Print version ISSN 0102-695XOn-line version ISSN 1981-528X

Rev. bras. farmacogn. vol.17 no.1 João Pessoa Jan./Mar. 2007 



Brine shrimp bioassay of some species of Solanum from Northestern Brazil


Bioatividade em Artemia salina de várias espécies de Solanum do Nordeste Brasileiro



Tania Maria S. SilvaI, *; Roberto Jefferson B. NascimentoII; Michelle M. BatistaII; Maria F. AgraII; Celso A. CamaraIII

INúcleo Complexo Produtivo de Saúde, Instituto Multidisciplinar em Saúde, Campus Avançado Anísio Teixeira, Avenida Olívia Flores, 3000, Candeias, 45055-090, Vitória da Conquista, BA, Brazil,
IILaboratório de Tecnologia Farmacêutica, Universidade Federal da Paraíba, Caixa Postal 5009, 58051-970, João Pessoa, PB, Brazil,
IIIDepartamento de Química, Universidade Federal Rural de Pernambuco, R. Dom Manoel de Medeiros, s/n, Dois Irmãos, 52171-900, Recife, PE, Brazil




Os extratos metanólicos de 13 espécies de Solanum (Solanaceae) foram testados para verifificação da bioatividade em Artemia salina. As espécies testadas (partes aéreas, raízes e frutos) foram: S. asperum, S. capsicoides, S. palinacantum, S. paludosum, S. paniculatum, S. paraibanum, S. sisymbriifolium, S. crinitum, S. diamantinense, S. megalonyx, S. torvum, S. asterophorum e S. stipulaceum. Das treze espécies testadas, quatro foram inativas. Os extratos dos frutos de S. asperum (CL50 = 420,5 µg/mL) e S. paludosum (CL50 = 548,0 µg/mL), partes aéreas de S. diamantinense (CL50 = 481,0 µg/mL) e S. sisymbrifolium (CL50 = 382,7 µg/mL), e das raízes S. asperum (CL50 = 593,4 µg/mL) e S. stipulaceum (CL50 = 823,1 µg/mL) que mostraram atividade moluscicida contra Biomphalaria glabrata também mostraram atividade tóxica em Artemia salina.

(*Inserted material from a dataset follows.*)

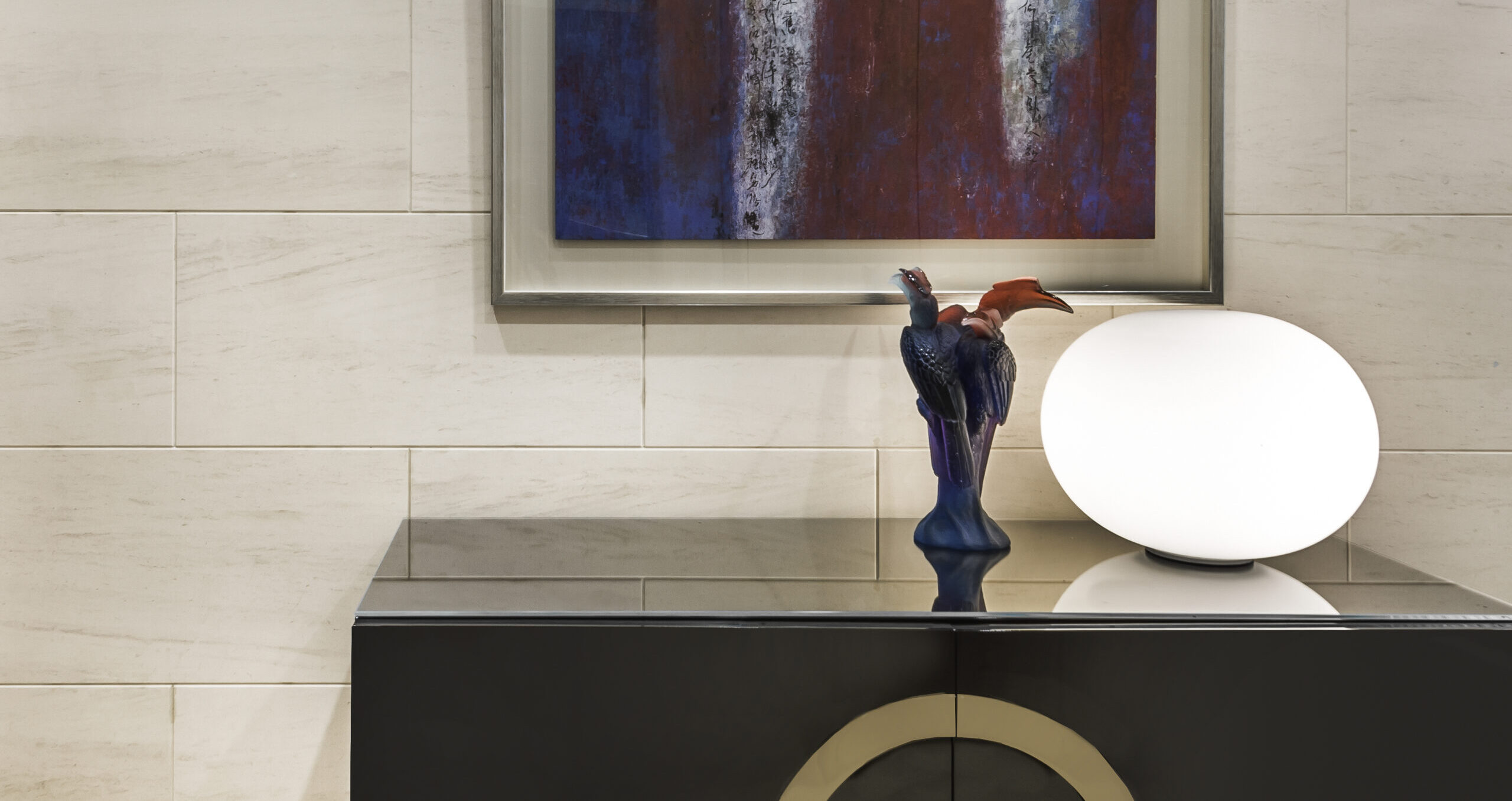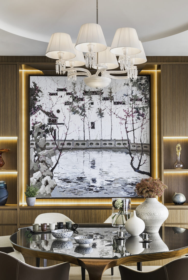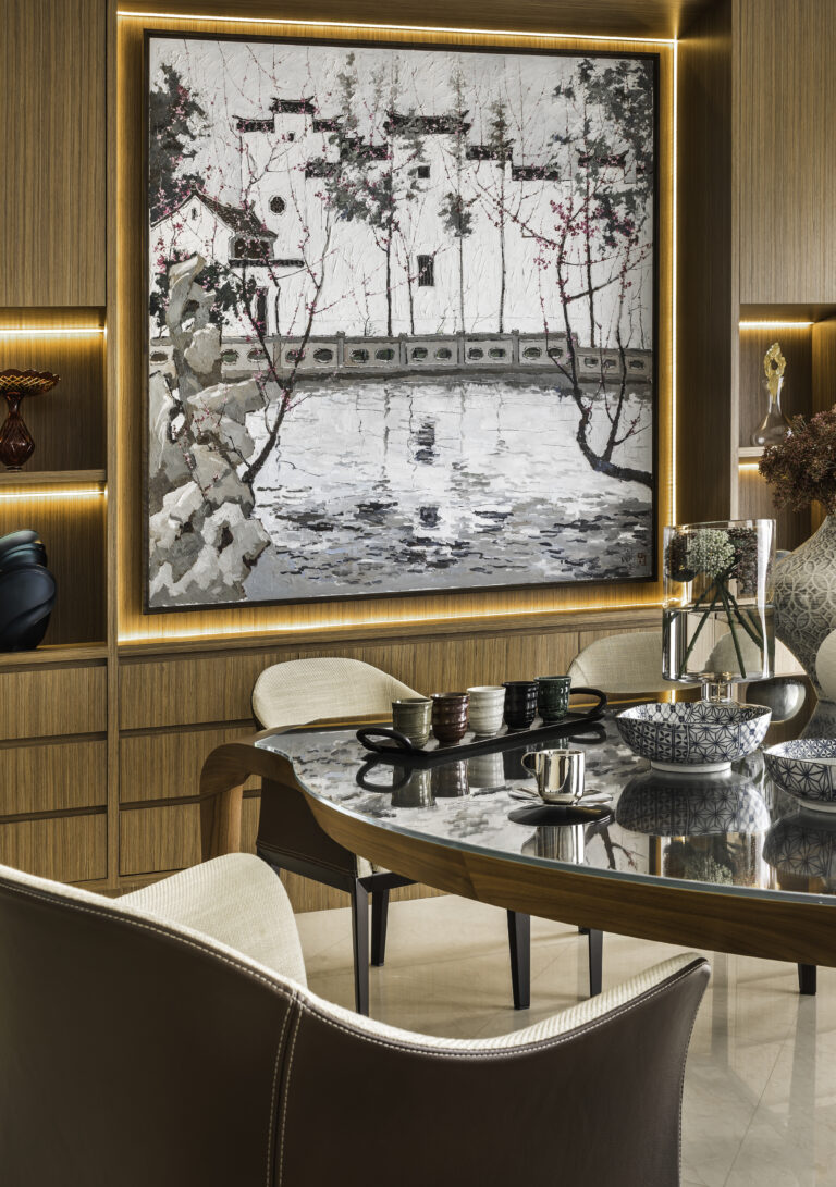 A Minotti sideboard artfully divides the dining area from the living space, and light beige curtains diffuse the natural light. An armchair harmonizes with a Minotti console and scented candles in a snug nook. The dining area, defined by a dome ceiling and another Baccarat chandelier, features a Giorgetti table and chairs alongside a bespoke wall showcasing a Chinese painting with graceful LED illumination.

Unitermos: Solanaceae, Solanum, Artemia salina, bioatividade.


The methanolic extracts of 13 Specieis of the genus Solanum (Solanaceae) have been tested for bioactivity in Artemia salina. The extracts investigated were prepared from various parts (aerial parts, roots and fruits) of S. asperum, S. capsicoides, S. palinacantum, S. paludosum, S. paniculatum, S. paraibanum, S. sisymbriifolium, S. crinitum, S. diamantinense, S. megalonyx, S. torvum, S. asterophorum and S. stipulaceum. The lethal concentrations were determined for the extracts and among thirteen plants tested, four appear to be inactive. The extracts of the fruits of S. asperum (LC50 = 420.5 µg/mL) and S. paludosum (LC50 = 548.0 µg/mL), aerial parts of S. diamantinense (LC50 = 481.0 µg/mL) and S. sisymbrifolium (LC50 = 382.7 µg/mL), and the roots of S. asperum (LC50 = 593.4 µg/mL) and S. stipulaceum (LC50 = 823.1 µg/mL), all of which previously showed molluscicidal activity against Biomphalaria glabrata were also found to be active in the present study with brine shrimp.

Keywords: Solanaceae, Solanum, Artemia salina, bioactivity, brine shrimp.




The genus Solanum is considered to be one of the largest and most complex among the Angiosperms. It is comprised of about 1500 species and has at least 5000 published epithets (Nee, 1999). The genus is well represented in Brazil and is widely distributed from north to south in diverse phytogeographic regions. Many of the species are endemic to the country and well represented in the northeast Brazil with about 80 species which are widely distributed in the region. About 20 of these Solanum species are endemic to the northeastern region (Agra, 1999) and are widely used in folk medicine, commonly known as "jurubeba"; the name derived from the Tupi-guarani word "yu’beba", which refers to the presence of prickles in some of them.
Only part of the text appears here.